▸ **TASK TO COMPLETE**:
From the records below, copy out each line that has the word "with".

Collected data:
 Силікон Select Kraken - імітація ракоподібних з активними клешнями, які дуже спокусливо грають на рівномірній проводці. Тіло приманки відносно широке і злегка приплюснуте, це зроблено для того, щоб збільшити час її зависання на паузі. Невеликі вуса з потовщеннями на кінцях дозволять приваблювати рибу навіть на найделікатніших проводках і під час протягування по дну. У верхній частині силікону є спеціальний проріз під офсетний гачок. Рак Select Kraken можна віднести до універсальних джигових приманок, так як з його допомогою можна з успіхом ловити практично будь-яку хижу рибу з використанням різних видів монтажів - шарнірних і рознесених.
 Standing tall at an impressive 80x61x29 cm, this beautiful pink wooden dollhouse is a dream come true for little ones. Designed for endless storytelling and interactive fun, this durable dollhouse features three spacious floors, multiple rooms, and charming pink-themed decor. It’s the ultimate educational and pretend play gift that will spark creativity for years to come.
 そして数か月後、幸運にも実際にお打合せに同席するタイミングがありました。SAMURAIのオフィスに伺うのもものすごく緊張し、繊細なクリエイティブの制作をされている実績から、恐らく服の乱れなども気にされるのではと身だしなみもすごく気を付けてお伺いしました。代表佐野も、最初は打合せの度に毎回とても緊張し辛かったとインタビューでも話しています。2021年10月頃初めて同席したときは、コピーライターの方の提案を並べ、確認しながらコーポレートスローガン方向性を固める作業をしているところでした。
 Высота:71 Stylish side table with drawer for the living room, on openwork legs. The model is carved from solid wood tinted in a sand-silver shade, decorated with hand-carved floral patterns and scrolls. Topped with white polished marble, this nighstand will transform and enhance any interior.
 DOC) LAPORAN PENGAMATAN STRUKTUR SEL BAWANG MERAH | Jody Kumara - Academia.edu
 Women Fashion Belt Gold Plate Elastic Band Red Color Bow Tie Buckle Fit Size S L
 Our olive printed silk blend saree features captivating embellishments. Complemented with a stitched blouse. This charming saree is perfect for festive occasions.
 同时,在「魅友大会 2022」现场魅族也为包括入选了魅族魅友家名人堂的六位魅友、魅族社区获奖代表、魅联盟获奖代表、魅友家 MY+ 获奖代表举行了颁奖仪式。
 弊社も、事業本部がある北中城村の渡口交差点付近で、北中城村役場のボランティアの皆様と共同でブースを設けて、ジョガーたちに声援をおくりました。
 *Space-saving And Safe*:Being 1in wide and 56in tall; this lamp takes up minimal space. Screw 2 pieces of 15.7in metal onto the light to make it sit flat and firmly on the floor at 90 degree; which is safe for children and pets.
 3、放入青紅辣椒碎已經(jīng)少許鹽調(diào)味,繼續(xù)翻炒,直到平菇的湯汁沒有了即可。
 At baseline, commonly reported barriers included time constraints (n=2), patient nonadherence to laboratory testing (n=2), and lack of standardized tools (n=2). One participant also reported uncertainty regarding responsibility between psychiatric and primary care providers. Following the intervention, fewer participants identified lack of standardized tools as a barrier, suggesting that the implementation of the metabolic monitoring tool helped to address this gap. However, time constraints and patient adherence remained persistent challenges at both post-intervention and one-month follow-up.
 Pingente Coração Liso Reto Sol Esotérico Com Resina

▸ **SOLUTION FOR THIS TASK**:
 Высота:71 Stylish side table with drawer for the living room, on openwork legs. The model is carved from solid wood tinted in a sand-silver shade, decorated with hand-carved floral patterns and scrolls. Topped with white polished marble, this nighstand will transform and enhance any interior.
 Our olive printed silk blend saree features captivating embellishments. Complemented with a stitched blouse. This charming saree is perfect for festive occasions.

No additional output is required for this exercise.